How does the math module work? The formula, function is written in that module. I need to write in my program the function of calculating the root from a number without using "import math", but I cannot find the module device anywhere (to take it as a basis). PS help with code

  • First: thanks for the reply. Secondly: I know this function of the module, and thirdly, I wrote, I need NOT to USE the module - Alexander Bubnov
  • The math module most likely calls the native sqrt function from the C mathematical library. - dzhioev
  • And you can paint the sqrt function (I’m looking for the device of this function)? - Alexander Bubnov
  • Here you can find several algorithms - MaxU
  • Alexander, if my answer helped you, then mark it as a solution. - Xander

3 answers 3

First, calculate the two extreme points - the unit and the original number itself. Then take the first sample from the gap between these extreme points. For example, you can take their arithmetic average.

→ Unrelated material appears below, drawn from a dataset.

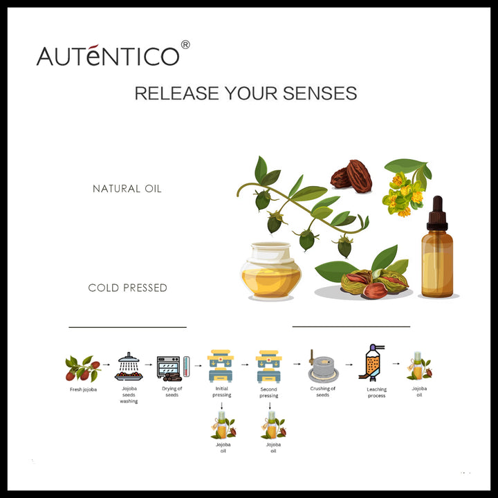 AUTéNTICO Jojoba Seed Oil is extracted by cold pressed of Jojoba Seed, and packed with vitamins and minerals, not only beneficial for skin but also is beneficial in combating multiple hair concerns and protecting the health of your hair.

Square the sample and compare with the original number. If more - then choose the next sample as half the gap between the old sample and the lower extreme number. And the new large number becomes the old test. If it is less, then, respectively, a new sample is taken as half between the old sample and the large extreme number. And the new less extreme number is the old trial.

And in this way, each time specifying the values ​​of the sample and the extreme numbers, repeat until the difference between the initial number and the square of the sample becomes less than some predetermined permissible error.

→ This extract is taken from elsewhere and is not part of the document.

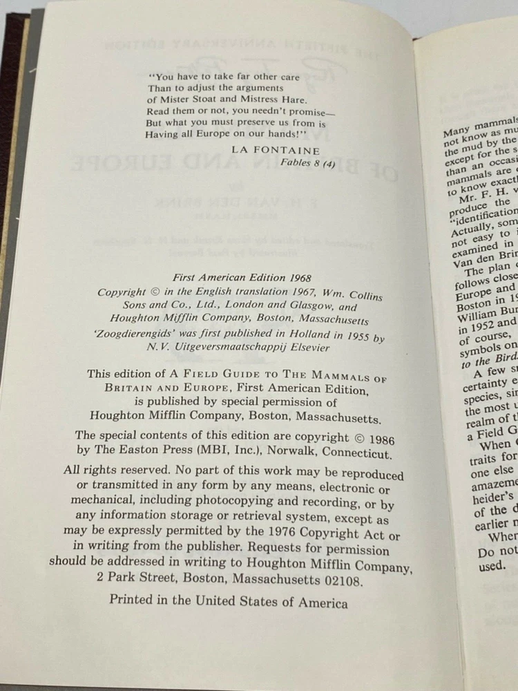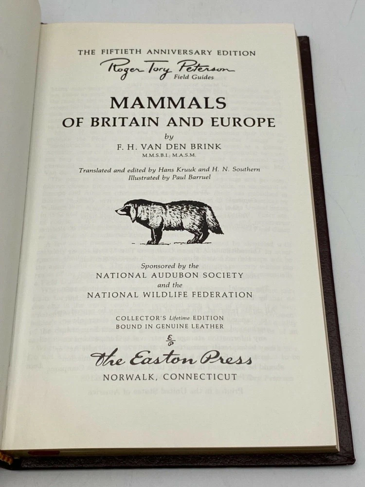 MAKES THE PERFECT GIFT FOR FAN OF EUROPEAN WILDLIFE ** PLEASE READ : Mahalo for taking the time to look at our listing. We truly appreciate it. We always do our BEST to give you the most accurate description of these beautiful books. If, however, you have any SPECIFIC questions about the SIZE of the book, NUMBER of pages, TYPE of leather, SMELL or FEEL of the book, PLEASE email us through EBay’s mail system BEFORE you bid, and we will be HAPPY to give you more information. We want you to be completely happy with your purchase and keep you as our customers for years to come!** DESCRIPTION: Easton Press’s FULL LEATHER edition, LONG out of print. THIS IS AN HEIRLOOM EASTON EDITION WITH BEAUTIFUL ILLUSTRATIONS. IT IS ONE OF THE MOST DESIRABLE EDITIONS OF THIS GREAT WORK. 🍍 NOT INCLUDED… 😃 ABOUT THE BOOK: The first comprehensive field guide to mammals of Great Britain and the rest of Europe, bound in genuine leather. The Cadillac Peterson Field Guide. Description CONDITION: Book is in LIKE NEW condition for its age with no discernible flaws (SEE PICS FOR FURTHER DETAILS). NO ATTACHED BOOKPLATES, WRITING FROM PREVIOUS OWNER, ETC. It is a BEAUTIFUL EDITION. SHIPPING: FREE to US ADDRESSES ONLY. INTERNATIONAL $ based on location. WE SHIP PRIORITY MAIL & PACK VERY WELL. Please check out our other listings of Easton Press, Franklin Library, and Limited Editions Club, First Edition Library, Heritage Press, International Collectors Library, and Folio Society editions. WE DO COMBINE SHIPPING IF YOU PURCHASE MORE THAN ONE COPY. Mahalo for looking at our listings! By bidding/purchasing this item, you are helping a very grateful family who sends you our WARMEST ALOHA & MAHALO!

UPD: If it is more convenient for you to see formulas before your eyes than a text description, you can google on request "numerical methods square root". For example. Here is the very first link to a good Wikipedia article. There, the algorithm is slightly different than the one that I cited, but it is based on the same principle of successive approximations. https://ru.wikipedia.org/wiki/%D0%90%D0%BB%D0%B3%D0%BE%D1%80%D0%B8%D1%82%D0%BC_%D0%BD%D0 % B0% D1% 85% D0% BE% D0% B6% D0% B4% D0% B5% D0% BD% D0% B8% D1% 8F_% D0% BA% D0% BE% D1% 80% D0% BD % D1% 8F_n-% D0% BD% D0% BE% D0% B9_% D1% 81% D1% 82% D0% B5% D0% BF% D0% B5% D0% BD% D0% B8

    There are many algorithms for calculating the root of a number, for example, the book Structure and Interpretation of Computer Programs shows a simple solution using the Newton method :

     def sqrt(x): guess = 1.0 while not good_enough(guess, x): guess = improve(guess, x) return guess def improve(guess, x): return average(guess, x / guess) def average(x, y): return (x + y) / 2 def good_enough(guess, x): return abs(guess**2 - x) < 1e-12

    Knowing the approximate value, this method allows you to find the best approximation (calculating the average in this case) until the desired accuracy is obtained.

    Example:

     print("%.12f" % sqrt(2)) 1.414213562373

    You can see how the Decimal.sqrt() implementation calculates the root with a given accuracy :

     >>> import decimal >>> decimal.getcontext().prec = 60 >>> decimal.Decimal(2).sqrt() Decimal('1.41421356237309504880168872420969807856967187537694807317668')

    Or here is an algorithm without multiplications / divisions from the @mathmandan answer , which finds the whole square root:

     def isqrt(n): assert n >= 0 if n == 0: return 0 i = n.bit_length() >> 1 # i = floor( (1 + floor(log_2(n))) / 2 ) m = 1 << i # m = 2^i # # Fact: (2^(i + 1))^2 > n, so m has at least as many bits # as the floor of the square root of n. # # Proof: (2^(i+1))^2 = 2^(2i + 2) >= 2^(floor(log_2(n)) + 2) # >= 2^(ceil(log_2(n) + 1) >= 2^(log_2(n) + 1) > 2^(log_2(n)) = n. QED. # while (m << i) > n: # (m<<i) = m*(2^i) = m*m m >>= 1 i -= 1 d = n - (m << i) # d = nm^2 for k in range(i - 1, -1, -1): j = 1 << k # n-(m+2^k)^2 = nm^2-2*m*2^k-2^(2k) new_diff = d - (((m << 1) | j) << k) if new_diff >= 0: d = new_diff m |= j return m

    Example:

     >>> isqrt(12345678901234567**2) 12345678901234567

      c ** (1 / b) c-number b-what root is needed (square, cubic, etc.)